◆ Extracted information ◆
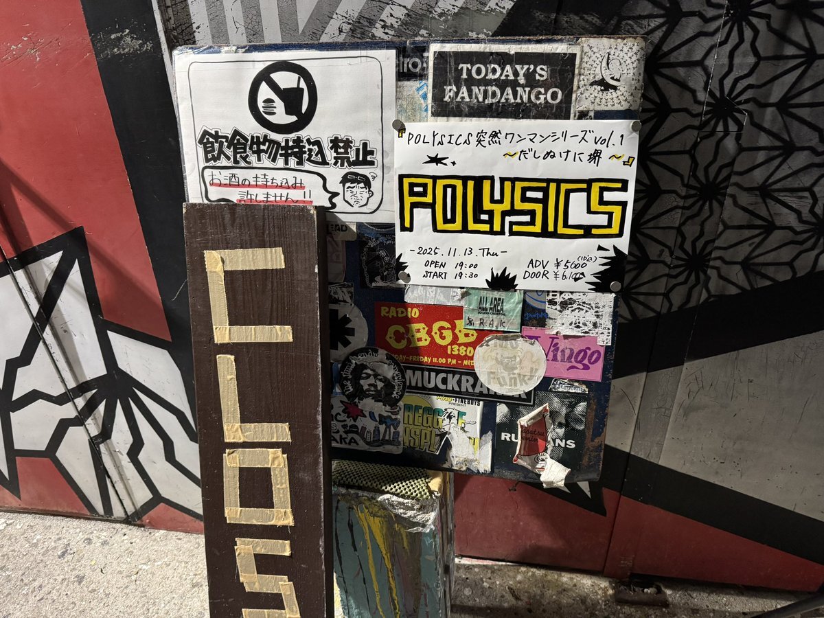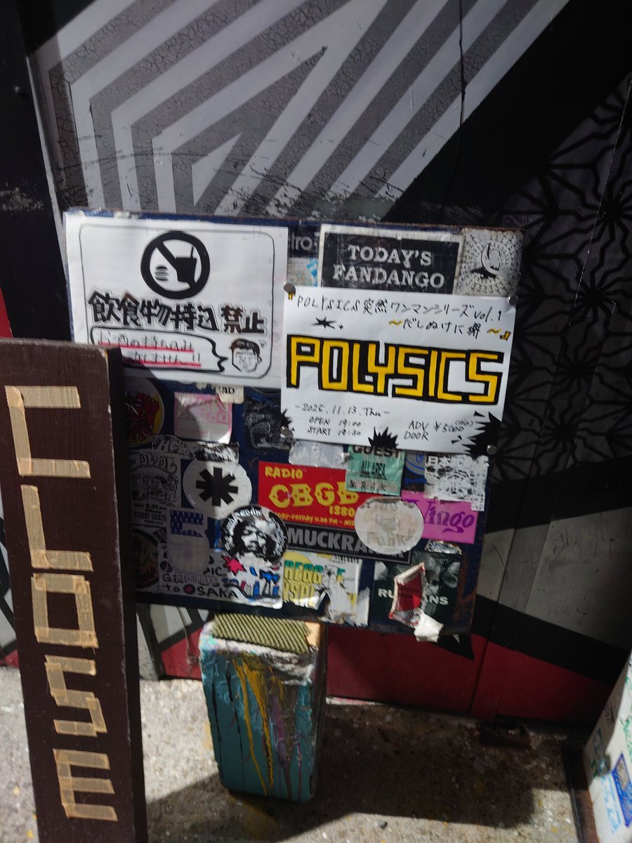 堺?どこ?ってなりながら行った大阪での(お笑いじゃない)ライブ、あほほどよかった!!! 会場みんな東京より元気な感じしたのに、定番曲でもダイブもモッシュもなし… あの距離感で痛い思いせずに観れたの最高… ◉あとは自由です。 壁の注意書きめっちゃよきーーー #polysics #堺ファンダンゴ pic.x.com/xCD6zpi1L1
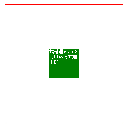 <style> body{margin: 0;} .box{ width: 400px; height: 400px; border:1px solid red; display: flex; justify-content: center; align-items: center; } item{ width: 100px; height: 100x; background: green; } </style> <body> <div class="box"> <div class="item"></div> </div> </body>
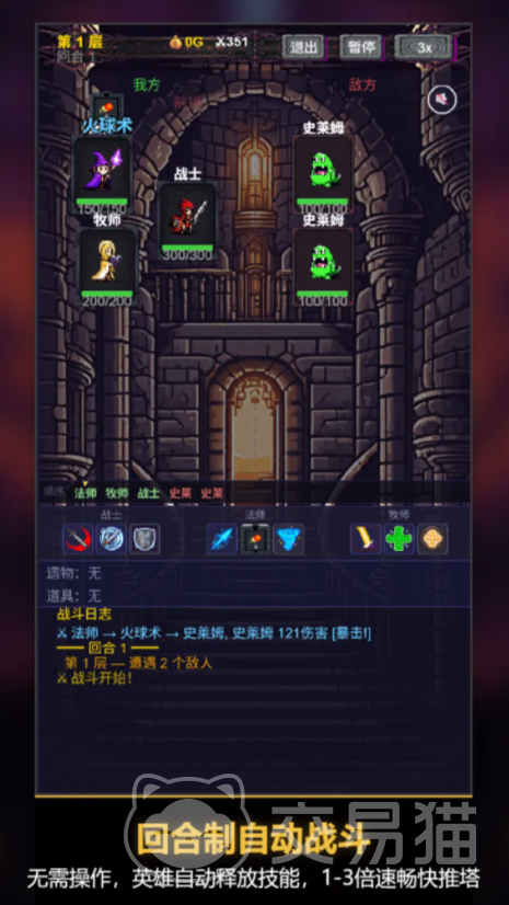 战斗全程为自动释放模式,玩家专注策略决策:包括职业搭配、遗物取舍、事件应对及路线规划。全盘设计遵循轻操作、重思考原则,单局时长稳定控制在8至10分钟区间,适配通勤、午休等典型碎片化使用场景。游戏中内置十余种功能型道具,其触发逻辑与生效条件均随局内变量实时变化,进一步强化Roguelike不可预测性。
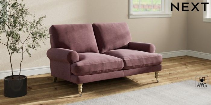 7.2.10 Erin Deep Relaxed Sit 2 Seater Small Sofa Fine Chenille Easy Clean Mid Mulberry Purple High Classic Turned Chrome Castor - Light | Made Click here to use our website with more accessibility support, for example screen readers
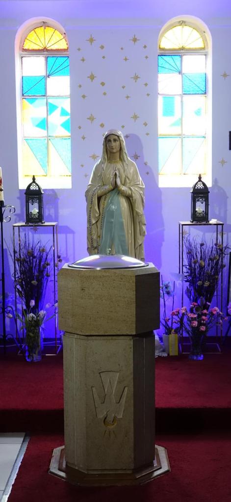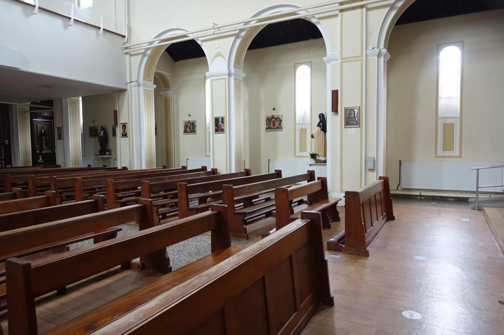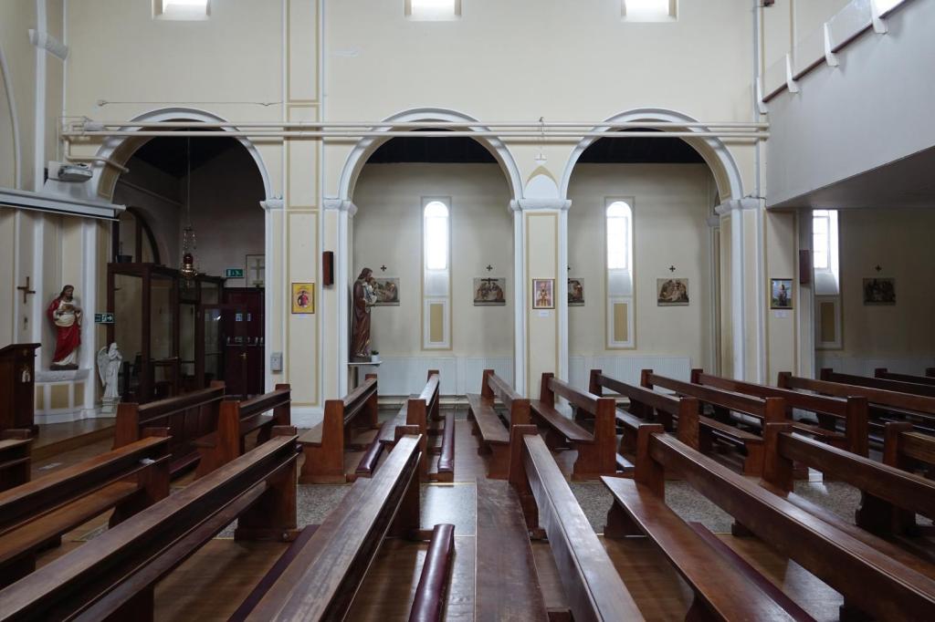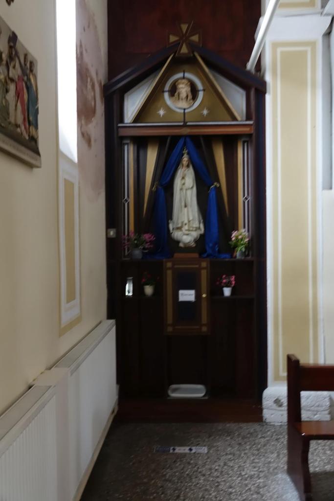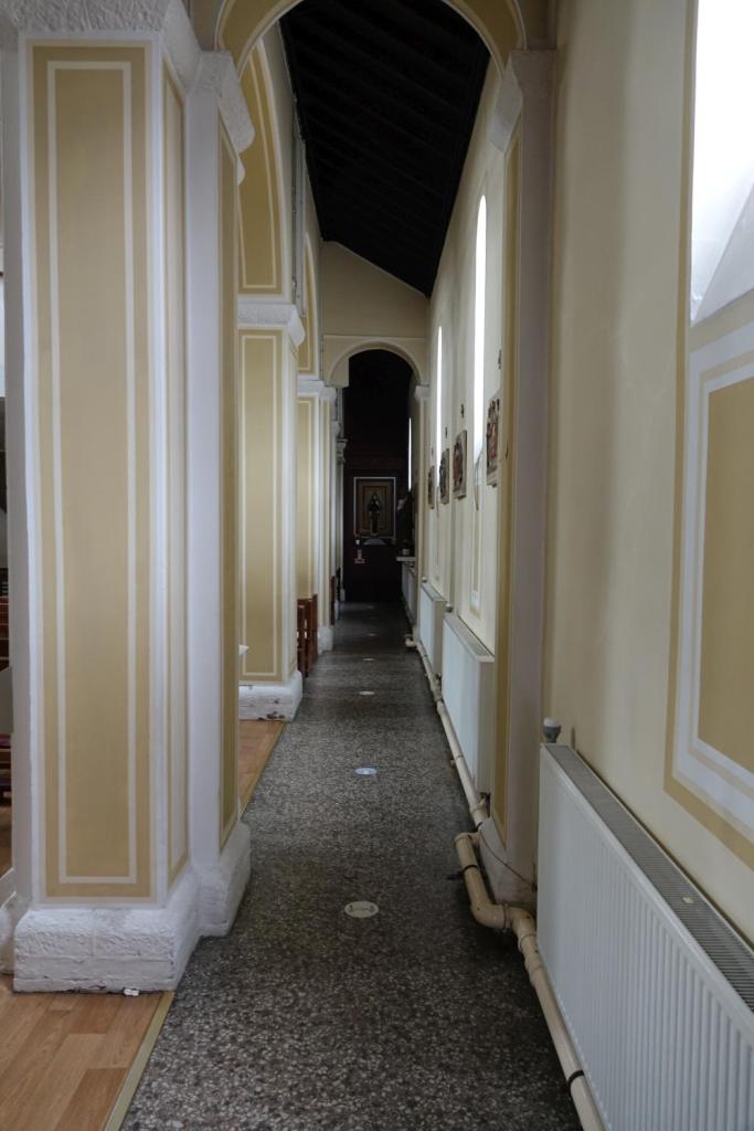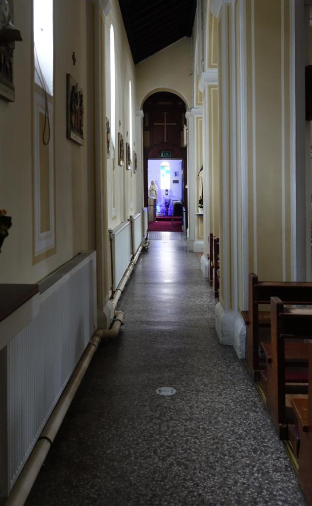 A typical 20th century Roman Catholic basilica by Benedict Williamson from 1908. The interior is rather dark with a small side chapel in a seperate room north of the chancel.
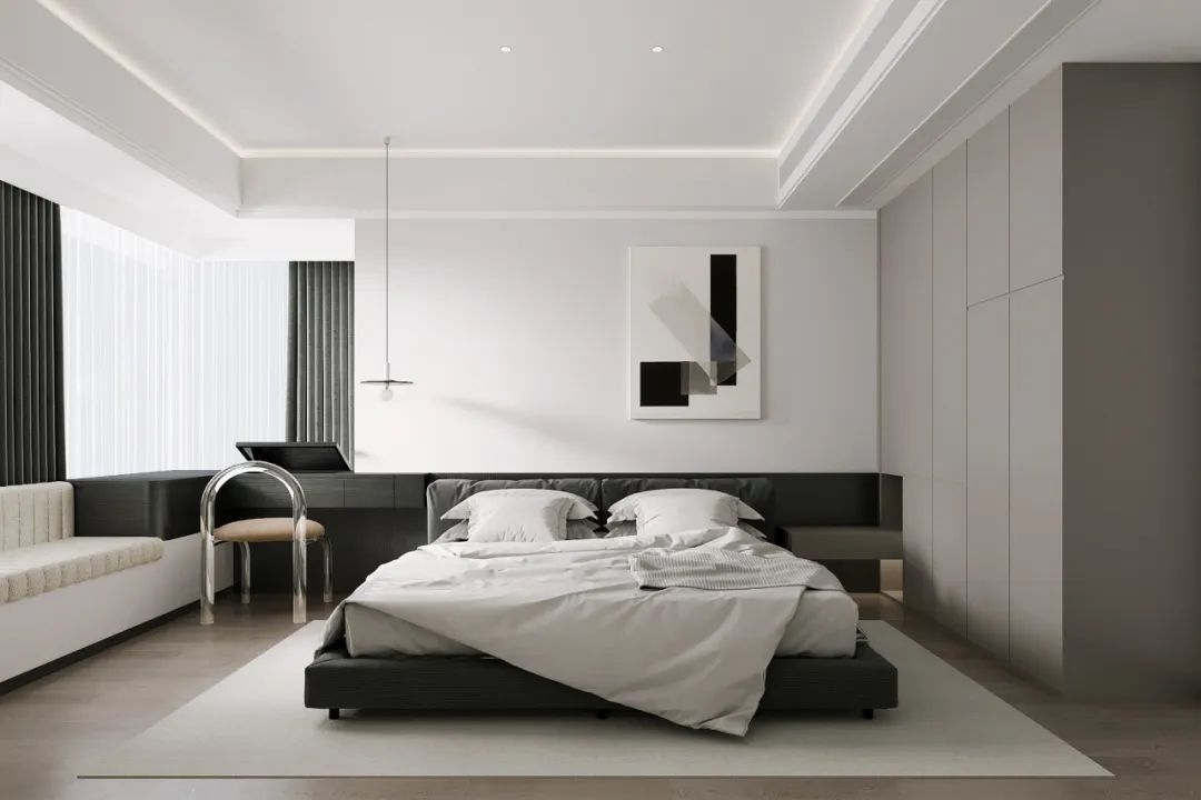 臥室以白色和灰色為主調,營造簡潔寧靜氛圍,大床居中,兩側分別配置沙發和椅子,形成休息與休閑區域,現代吊燈增添溫馨感,大面積地毯提升舒適度,閱讀角設于窗邊,充分利用自然光。

◆ Exercise prompt ◆
The answer must be an exact copy of the lines from the one containing "7.2.10 Erin Deep" through the last line of the records, and nothing else. Pictures do not belong in it.

◆ Task response ◆
 7.2.10 Erin Deep Relaxed Sit 2 Seater Small Sofa Fine Chenille Easy Clean Mid Mulberry Purple High Classic Turned Chrome Castor - Light | Made Click here to use our website with more accessibility support, for example screen readers
 A typical 20th century Roman Catholic basilica by Benedict Williamson from 1908. The interior is rather dark with a small side chapel in a seperate room north of the chancel.
 臥室以白色和灰色為主調,營造簡潔寧靜氛圍,大床居中,兩側分別配置沙發和椅子,形成休息與休閑區域,現代吊燈增添溫馨感,大面積地毯提升舒適度,閱讀角設于窗邊,充分利用自然光。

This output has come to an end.